– Обещайте мне, что не сделаете ничего необдуманного! – воскликнула Розина с беспокойством.
– А вы обещаете мне что-нибудь за это?
– Может быть.
И с этими словами, она затворила за Пьером дверь и отправилась спать.
Глава третья
Вновь выпавший снег очень скоро замел след волка, но зато другой след, к хижине и от нее, стал настойчиво появляться каждый день, грозя гораздо большими несчастьями, чем нападение хищного зверя.
Граф Арнольд, сидя один за бутылкой вина в своем голубом салоне, пришел к убеждению, что он совершенно очарован хорошенькой крестьянкой, с которой познакомился среди снежных сугробов, – и по своему обыкновению решил дать волю собственной фантазии, не заботясь о последствиях для молодой девушки, в которую, как он уверял себя, он положительно влюбился.
Растянувшись поудобнее среди бархатных подушек и задумчиво глядя на причудливые очертания горящих в камине угольков, он припоминал темные глаза и раскрасневшееся личико Розины, в тот момент когда она стояла перед ним в снежном сугробе, пока не убедил себя, что, наконец, да, именно наконец, в первый раз в жизни, он встретил женщину, которая не надоест ему, как другие, за одну неделю, даже за месяц, даже, как ему казалось, за год!

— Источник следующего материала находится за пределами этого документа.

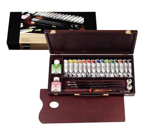 Ce coffret en bois 'Professional' inclut 15 tubes de 40 ml: Blanc de titane (105), Jaune de Naples rouge (224), Ocre jaune (227), Orange permanent (266), Jaune azo citron (267), Jaune azo moyen (269), Carmin (318), Rouge naphtol moyen (396), Terre d'ombre brûlée (409), Outremer (504), Bleu Brillant (564), Vert émeraude (615), Vert jaunâtre (617), Vert de vessie (623), Noir oxyde (735). Ce coffret inclut également: Médium acrylique mat Talens 75 ml, Vernis acrylique brillant Talens 75 ml, trois pinceaux: série 290 nos. 12, série 291 no. 6, série 292 no. 8 (fibre polyester, selected filament), un couteau à peindre no. 3012, un godet à palette double, un tube avec 3 bâtonnets de fusain, une palette en bois et une brochure sur le mélange de couleurs

Она отличается такой свежестью, такой безыскусственностью, так не похожа на всех остальных женщин – как ни многочисленны и разнообразны были его опыты в этом отношении, на которых он до сих пор напрасно тратил время и силы…
Клементина была толста, неотесана, неуклюжа; Жанета, хорошенькая деревенская девушка – совершенно не образована, с руками, которые казалось только что оставили coxy; Mapия – красавица, но, Боже мой! как глупа; от испанской маркизы, с ее великолепными глазами и роскошными, черно-синими волосами, несло чесноком; у герцогини были дурные зубы; и наконец, его последняя любовь – молоденькая виконтесса, перед которой преклонялся весь Париж, положим – остроумна, нежна, любезна, мила и грациозна, но зато капризна, требовательна, и к тому же до отвращения похожа на всех остальных светских женщин по костюму, манерам, разговору, чувствам и убеждениям! Да, все это слишком однообразно; ужасно мало разницы между одной женщиной и другой: и убранство их салонов, и веера, и носовые платки, все на один покрой; шутки, мнения, разговоры, все как бы исходят из одних уст; улыбки, слезы, замешательство, ласки и капризы, все это ничто иное как повторения одной и той же роли, более или менее плохо разыгранной. Конечно, неизбежно приходится повторять одно и то же, но зачем же одними и теми же словами!.. А с другой стороны, право нелегко придумывать для каждого случая новый способ ответить на улыбку, выразить взглядом упрек, поднести букет, передать записку или пожать руку.
В самом деле, что может дать свет? Даже в Париже, в пышном, веселом, беспутном Париже! Монтарба вслух задал себе этот вопрос, и ему почудилось, что в дыму камина встает тень – тень его самого, но согбенная, истомленная, бессильная – какой-то сморщенный, дряхлый старик – и отвечает: «пресыщение!» Что мог он возразить против этого? Он жадно пил из чаши удовольствий и нашел, в конце концов, что она не так сладка, как казалась сначала. Все прискучило ему: любовь и вино не имели уже прежнего очарования; двор, охота, театр, картежная игра – казалось одно бессодержательнее другого. Давно уже пора найти себе новое занятие, новое развлечение в жизни.
Таким образом, пока Пьер убивал старого волка, граф Арнольд приходил к решению, что станет посещать аккуратно, по очереди, всех своих крестьян и начнет завтра же с Розины и ее бабушки-старухи…
На другой день, он застал молодую девушку за какой-то домашней работой, весело и радостно распевающую как птичка на ветке. Она казалась теперь еще красивее, чем вчера, и успокоенная вероятно присутствием другой женщины, отбросила всю свою вчерашнюю застенчивость.
Граф Арнольд, как опытный вояка, осторожно повел свои подступы, и в совершенстве разыграл роль заботливого помещика. Прежде всего, он выслушал с любезным вниманием все жалобы и сетования старухи; обещал сделать новую крышу на сараях, даже отметил это для памяти в своей записной книжке и только тогда обратился к Розине.
Тут он направил свои батареи против того угла крепости, который, по его соображениям, должен был представлять самую слабую ее часть. Рассудив, что Розина, по всей вероятности, успела слишком привыкнуть к похвалам своей наружности, он постарался дать ей понять, что для него красота ее составляет самое меньшее из всех ее достоинств.